S&P Global Ratings says while Lippo’s liquidity and cash flow will remain key credit factors over the next 12 months, the bribery allegations against PT Lippo Karawaci Tbk raise questions about the company’s internal corporate governance.
Obtaining building and other permits is a notoriously drawn-out process, often designed to extract pay-offs.
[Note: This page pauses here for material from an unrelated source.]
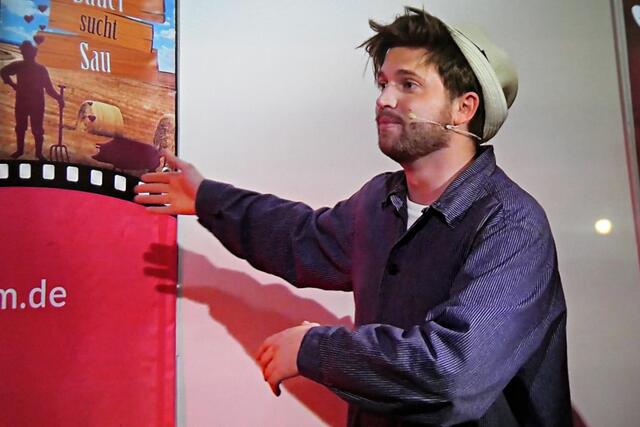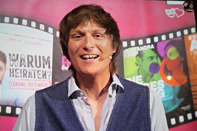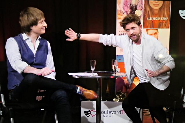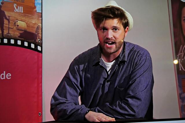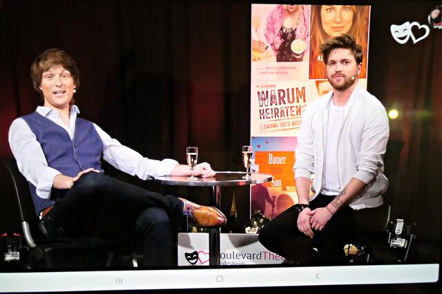 Boris Stijelja führte souverän durch die Sendung. Und natürlich war auch der Winzer Bu Tim Poschmann dabei. Der nahm mal wieder die Veganer auf die Schippe und meinte, die würden nichts für die Umwelt tun, sondern sie essen. Tim hatte einen perfekten Haarschnitt im Gegensatz zu Boris, der dazu auch gleich seinen Senf gab und meinte, er sehe aus wie ein Schlagersänger aus den 70er Jahren. Es folgte ein Auftritt des Klavierkabarettisten Daniel Helfrich, der über „Trennkost“ auf allen Ebenen aus dem Studio B zugeschaltet wurde. Schlagabtausch zwischen Boris und Tim, den beiden langjährigen Freunden, ging in die nächste Runde. Boris sei bereits als 6-Jähriger 1,80 Meter groß gewesen und hatte es im Gegensatz zu dem kleineren Tim schwer, an der Wursttheke ein Stückchen Wurst zu bekommen, weil er nicht dem Niedlichkeitsschema entsprach. Tim hätte nie gedacht, dass er einmal in der Pfalz die Touristen und die Heidelberger vermissen würde. Aufgrund seiner tausende Mal angeklickten Winzer-Bu-Videos im Internet und der Reichweite über mittlerweile ganz Deutschland und Frankreich, hat er nun ab November seine eigene Show „Ja, wu sinn se dann?“ bekommen und alle Shows sind restlos ausverkauft. Er erzählte, dass er nie gedient habe, sondern lieber Zivildienst leistete. Er wollte lieber Essen auf Rädern verteilen als die Waffe in der Hand zu halten. Dies war der passende Übergang zum nächsten Comedian, dem Ausbilder Schmidt. Dieser erwähnte auch gleich, dass es massive Nachwuchsprobleme bei der Bundeswehr gebe. Er erzählte von seinem Saunabesuch. Immer wieder zwischendurch schaltete Boris zu seinem Facebook-Account und stellte fest, dass die Boulevardtheater-Fans auf der Couch vor dem Bildschirm gemütlich vor ihrer Schorle mit Chips saßen. Er erklärte, dass er immer wieder gefragt würde, ob die Geschichten, die er so erzählen würde, alle wahr seien. Und er bejahte, dass dies zu 90 % zutreffe.

A source of intense frustration for President Joko Widodo, it is one reason why Indonesia can’t attract the direct foreign investment needed to correct the country’s trade deficit.
Sources familiar with the Meikarta venture say Lippo appears to have miscalculated by going ahead with the project, no doubt believing it could cut corners by getting the necessary licenses while work was in progress.
With local bureaucrats deliberately dragging their feet, Indonesian homeowners are often encouraged to start the construction of houses before a building permit is issued, then find themselves the target of extortion once the work is complete.
Lowering its sights?
Meikarta risks becoming a millstone around the neck of Lippo Karawaci, the main property arm of a conglomerate with diversified interests in banking, hospitals, schools, malls, department stores and cable television.
Construction is at a virtual standstill and sales have reportedly been slow for a project whose success rests on housing some of the thousands of middle-income earners who work at Japanese car and motorcycle assembly plants on nearby industrial estates.
Former Lippo employees remember a similar experience with the more up-market Lippo Village (LLVV), where the company was forced to lower its sights, particularly after part of the mall was sacked by anti-Suharto rioters in 1998.
S&P, which so far gives Lippo an unchanged B-negative rating, says any fallout from the bribery case could impact on cash flows and put further pressure on what the agency believes is a “thin liquidity buffer.”
It is also worried that it might affect customer confidence, leaving PT Lippo Cikarang to fall short of its target of 10.5 trillion rupiah ($750 million) in marketing sales this year, compared with 7.8 trillion rupiah in the months following its 2017 launch.
Lippo’s asset sales in 2018 are expected to provide some relief, but S&P believes they will only be enough to meet its debt-servicing over the next year and that it will have to raise additional funding to meet future needs.
Last June, Moody’s Investors Service cut Lippo Karawaci’s rating from B1 to B2 on $75 million in senior unsecured notes due in 2020, warning that proceeds from the private placement covered only half of the firm’s debt maturing in 2018-2019.
Previously, Fitch had downgraded Lippo Karawaci’s long-term issuer default rating to B+, based on expectations of significantly reduced access to cash flow from property sales.
With a reputation for ruthlessness, Lippo’s travails earn little sympathy in the wider Indonesian business community. “Nobody really likes Lippo,” says one analyst, who notes that the politically-wired conglomerate is treated warily by most domestic banks.
Although its exposure to the project is minor, state-owned Bank Negara Indonesia (BNI), the country’s fourth biggest lender, has already stopped extending new mortgages for Meikarta until Lippo’s legal situation becomes clearer. Other financial institutions are expected to follow suit.